I think I've noticed a different behaviour with 9.4 and the CTE but I'm
just 50% sure about that, but may be relevant or not:
in 9.3 while the CTE was running, I think the trigger-filled table was
locked and no inserts could be made to the primary table (which copies all
inserts to the trigger table). In 9.4 inserts can be made at a lower rate
even when CTE runs. As I said not 100% sure about the behaviour was like
that in 9.3.

I was able to debug the synthetic test case I created, but unfortunately I

don't think it explains the lock up you're seeing after all.

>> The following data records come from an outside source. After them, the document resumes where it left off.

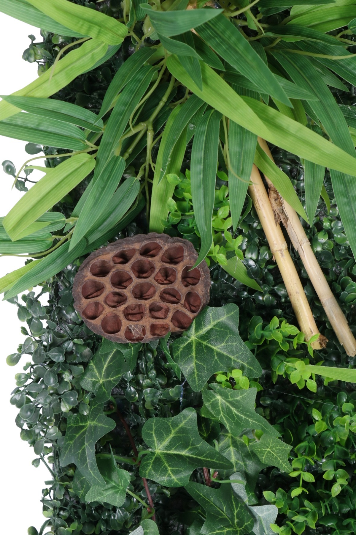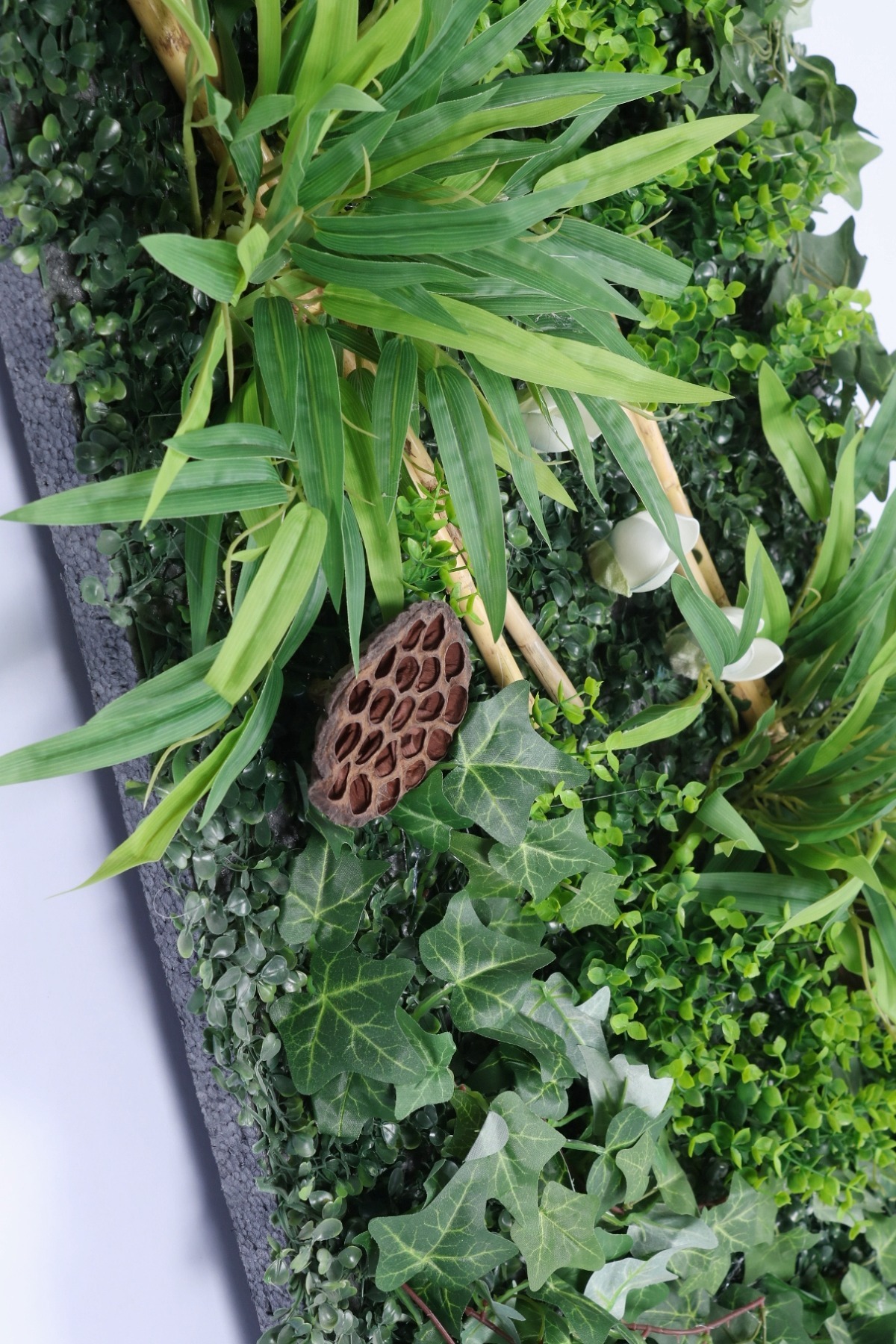 • Doğal Çeşitlilik: Panel içerisinde kullanılan egzotik palmiye yaprakları, sarmaşıklar, eğrelti otları ve yosun detayları, gerçek bir "Dikey Bahçe" illüzyonu yaratır.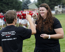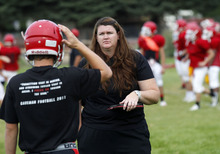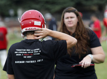 Bailey, a trainer at American Fork High School for the past 16 years, knows that concussions can happen in any sport game or practice. She's already diagnosed three in the two days of padded practice.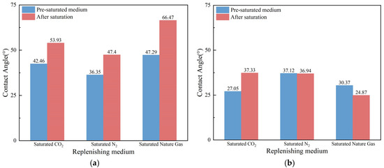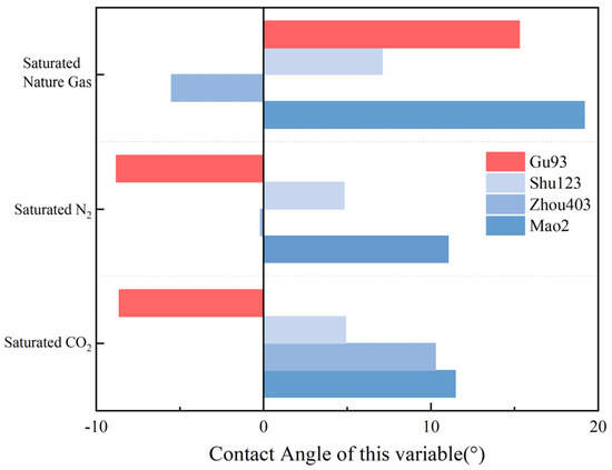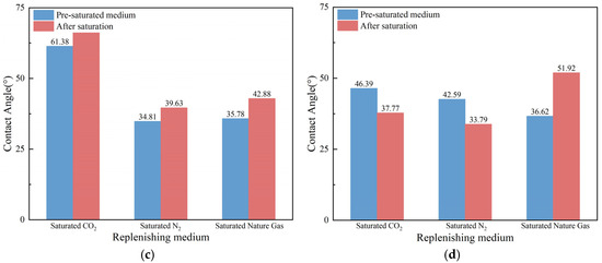The impact of different energy supplements media on the changes in the wettability of various reservoirs is compared, as shown in Figure 4. The results indicate that when considering the injection of different media with the same lithology, CO2 and natural gas have a significant effect on increasing the wetting angle of the four blocks, with natural gas having a more significant impact on M2 and G93. Natural gas has high fluidity, low viscosity, and good injectability. Although the affected volume is limited by its low viscosity and high fluidity, the overall effect is good. The contact angle of the rock samples in Block M2 changed the most before and after saturation with natural gas, and the wettability of the rock samples changed from strong hydrophilicity to weak hydrophilicity. When the rock sample is saturated with CO2, the increment is also significant, with a 27% increase in the wetting angle. Due to the low viscosity and high fluidity and solubility of CO2, the injection affects a larger volume, resulting in more obvious changes. Compared to the change in contact angle caused by CO2, N2 has a smaller effect on the contact angle of rock samples because N2 has a smaller molecular weight, better flowability and injectability, but a relatively lower swept volume, resulting in lower effectiveness than CO2. The pore connectivity of G93 is the worst and the densest due to its high capillary force, poor oil displacement effect, the lower miscibility of CO2 and oil, and small change in wetting before and after. Therefore, when the rock sample is saturated with CO2, the average change in the contact angle is relatively small. Despite this, the rock samples in this block still maintain strong hydrophilic properties after being saturated with these three media, without significant changes in wettability. Overall, the contact angle and wettability of the same rock type exhibit different characteristics when saturated with different media. CO2 and natural gas have a greater effect on increasing the wetting angle of the four blocks, with natural gas having a more significant effect, but overall maintaining its hydrophilic characteristics.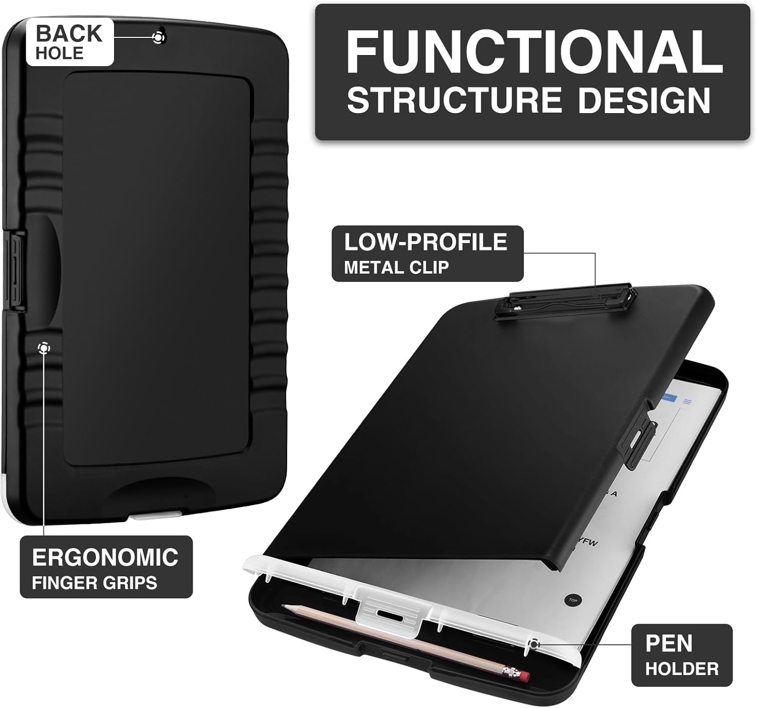- High Capacity: Equipped with both a paper storage component that holds twice as much paper as other clipboards and a built-in pencil case. The high-capacity medical clipboard can securely hold up more than 200 letter-sized documents and legal pads, and up to 6 pencils.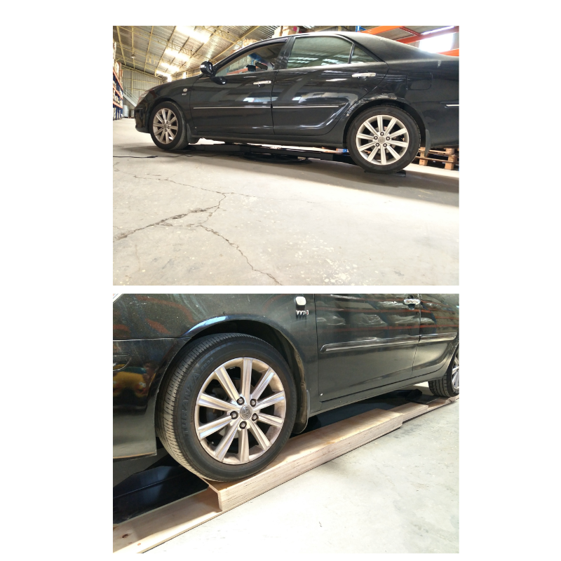 1. 為了確保汽車能集中直接一致的安裝到元件上,頭要探出車外能看到一邊的前輪,慢慢的開上第一對輪墊時先停止。同時要注意,慢慢的沿著坡道開上,直到前輪都在第二對輪墊同時後方的輪子正對另一對輪墊。
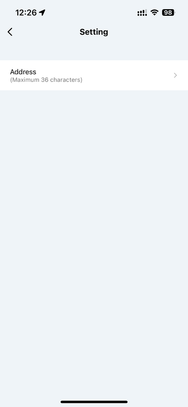 Táto obrazovka je určená na konfiguráciu zariadenia. V konkrétnom prípade na snímke je viditeľná možnosť "Address" (Adresa), ktorá umožňuje používateľovi upraviť názov (adresu) trojfázového merača v rámci aplikácie Antik Smart Home, aby bolo jednoduchšie ho identifikovať.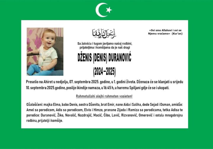 Danas će u Konjicu biti klanjana dženaza Dženisu Duranoviću, dječaku koji je preselio na ahiret u prvoj godini života Njegova smrt potresla je cijelu lokalnu zajednicu, ali i širu javnost,...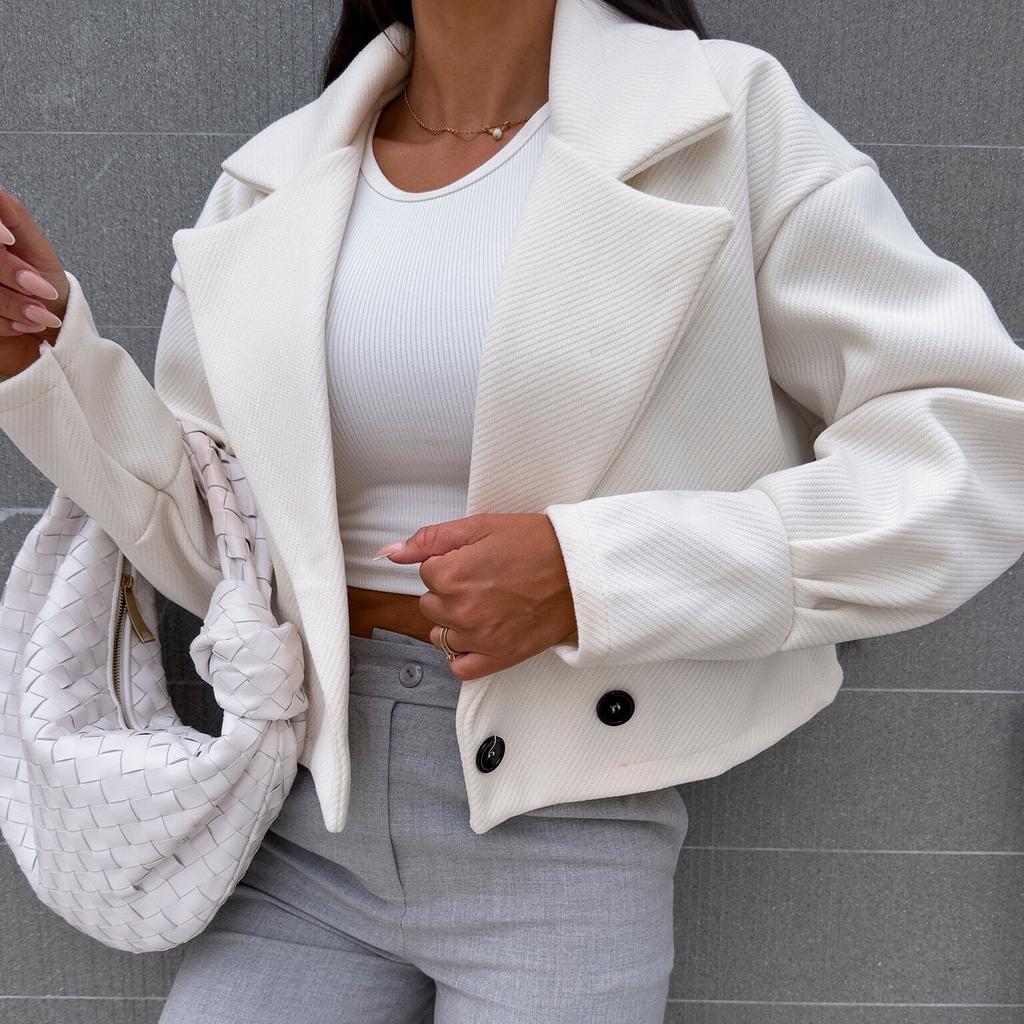 GMXIA Осень-зима мода универсальный костюм воротник однотонный короткий шерстяной пальто женские куртки и пальто

It's possible for WaitXLogInsertionsToFinish() to move backwards, in this
scenario:

1. Backend A acquires WALInsertLock 2, and reserves xlog between byte
positions 2100 - 2200
2. Backend B calls WaitXLogInsertionsToFinish(), which blocks on backend
A, which hasn't advertised any location yet.
3. Backend C acquires WALInsertLock 1, and reserves xlog between byte
positions 2200 - 2300
4. Backend C calls GetXLogBuffer(), and sees that the page is not in cache
yet. (It does not call WALInsertLockUpdateInsertingAt() yet, because it's a
bit slow or context-switched out)
5. Backend A initializes the page, completes inserting its WAL record, and
releases its WALInsertLock.
6. Backend B gets unblocked, seeing that the lock held by B is now free.
It calculated 2200 as the return value, which was the latest reserved WAL
position. (Backend C started after it began, so it didn't have to wait for
it)
7. Backend C calls WALInsertLockUpdateInsertingAt(), with a WAL position
pointing to the beginning of the page, 2000.

If you now call WALInsertLockUpdateInsertingAt() again, it will return
2000, because backend C is the only backend holding a lock, and its
advertised position is 2000. But the previous call calculated 2200.
GetXLogBuffer() always advertises a WAL position at the beginning of the
requested page, but that's a bit bogus.

However, AFAICS that is actually harmless. Backend C is not blocked. The
page it's looking for is certainly in cache at this point, so it can
continue without blocking. So I don't think this explains your lockup.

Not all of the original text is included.